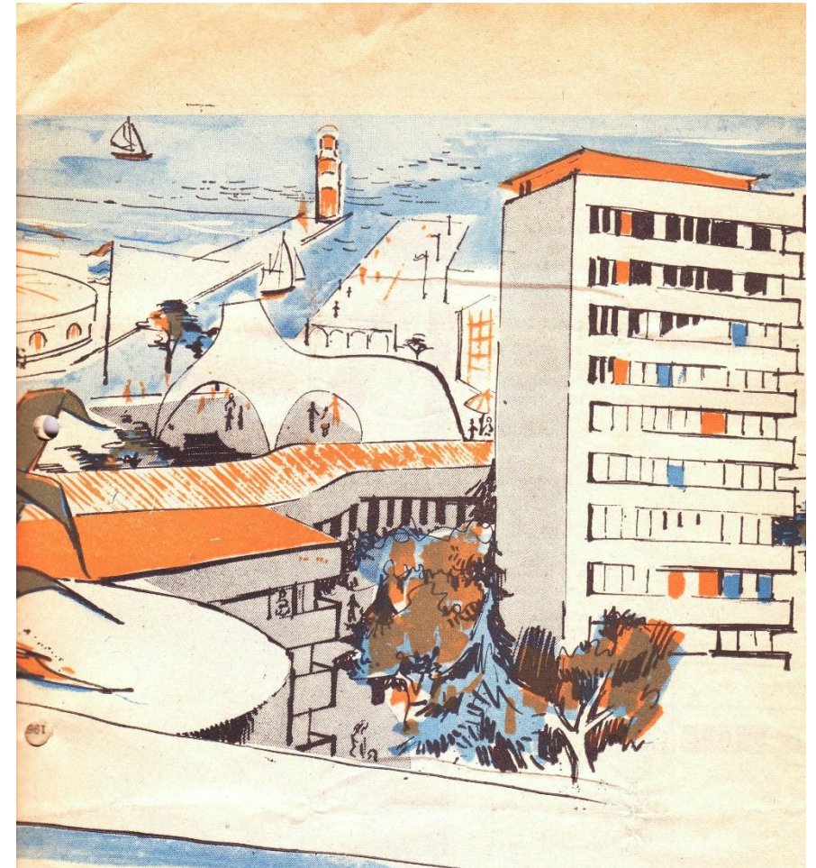
Figura 7-1. Cartel publicitario para promover el turismo en Languedoc-Roussillon.

El Equipo Candilis-Josic-Woods, participantes activos de este grupo, experimentaron sobre los elementos de articulación vertical y horizontal de los edificios de viviendas en diversos
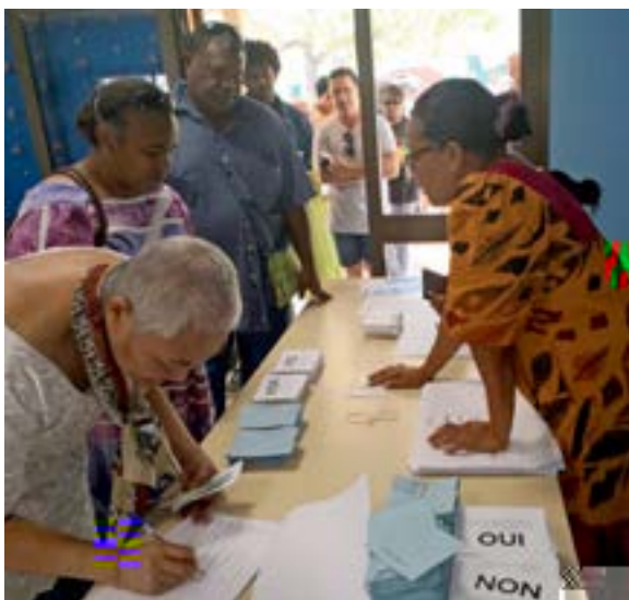
NUNEA, NUEVA CALEDONIA, NOVIEMBRE DE 2018: Una mesa de votación en Numea, Nueva Caledonia, durante el primer referéndum de libre determinación.

c a b a a . c a , c c ca 57 % y c a acc a a a b a a . c a a . a a 43 % a . a y . E Ac a c b a a c a ac ca . a 2020 2022. E ca a c . c a c a a , a a . y - c a a a a a a a . ac c a a . E C-24 y . a a a N ya Ca a 2014 2018 a c . c a ac a a . 2018.
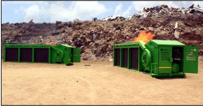
S-116 Relleno Sanitario en el Caribe

El equipo fabricado a medida incluye una Caja de Quemado con motores eléctricos y los Quemadores de Trinchera o Zanja vienen sobre correderas en vez de ruedas.
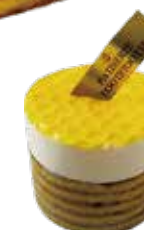
Au miel citron 神戸はちみつのシトロンレア 単品 ¥616
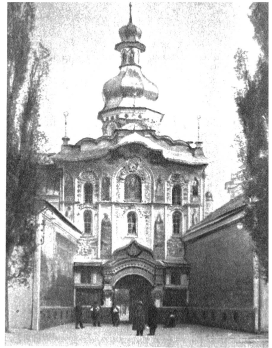
Kiew, Eingang zum Höhlenkloster

Die Festung Kiew wurde unter Peter dem Grossen begonnen und später in modernem Stile ausgebaut. J.
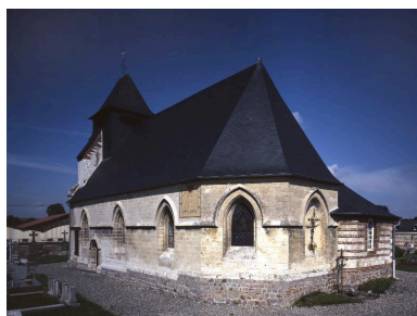
Vue générale du cimetière autour de l'église. IVR22_19988000812VA

----

◆ **Task**: This task calls for the lines from the line holding "S-116 Relleno Sanitario en el Caribe" through the last line above, restated word for word with both ends included and the pictures dropped.

◆ **Task result**:
S-116 Relleno Sanitario en el Caribe

El equipo fabricado a medida incluye una Caja de Quemado con motores eléctricos y los Quemadores de Trinchera o Zanja vienen sobre correderas en vez de ruedas.
Au miel citron 神戸はちみつのシトロンレア 単品 ¥616
Kiew, Eingang zum Höhlenkloster

Die Festung Kiew wurde unter Peter dem Grossen begonnen und später in modernem Stile ausgebaut. J.
Vue générale du cimetière autour de l'église. IVR22_19988000812VA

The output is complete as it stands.